_The problem_. Type the data below again exactly. Omit all pictures.

_Data section_.
☆ ☆ ☆ ☆ ☆ ☆ ☆
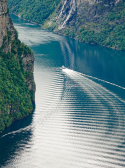 The Geiranger Fjord is a fjord in the Sunnmøre region of Møre og Romsdal county, Norway. It is located entirely in the Stranda Municipality.
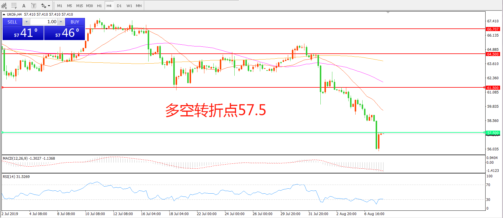 多空转折点:57.50
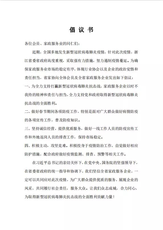 案,給當(dāng)?shù)仄髽I(yè)樹立榜樣。麗水市家協(xié)于1月25日就通知每一家會員企業(yè)負(fù)責(zé)人,篩查本企業(yè)是否有湖北籍或來自疫區(qū)的員工,并逐一通知,請其在疫情結(jié)束后再返回崗位,全市家政企業(yè)也都根據(jù)政府部門規(guī)定延遲了開業(yè)時(shí)間。
☆ ☆ ☆ ☆ ☆ ☆ ☆
_Task solution_.
 The Geiranger Fjord is a fjord in the Sunnmøre region of Møre og Romsdal county, Norway. It is located entirely in the Stranda Municipality.
 多空转折点:57.50
 案,給當(dāng)?shù)仄髽I(yè)樹立榜樣。麗水市家協(xié)于1月25日就通知每一家會員企業(yè)負(fù)責(zé)人,篩查本企業(yè)是否有湖北籍或來自疫區(qū)的員工,并逐一通知,請其在疫情結(jié)束后再返回崗位,全市家政企業(yè)也都根據(jù)政府部門規(guī)定延遲了開業(yè)時(shí)間。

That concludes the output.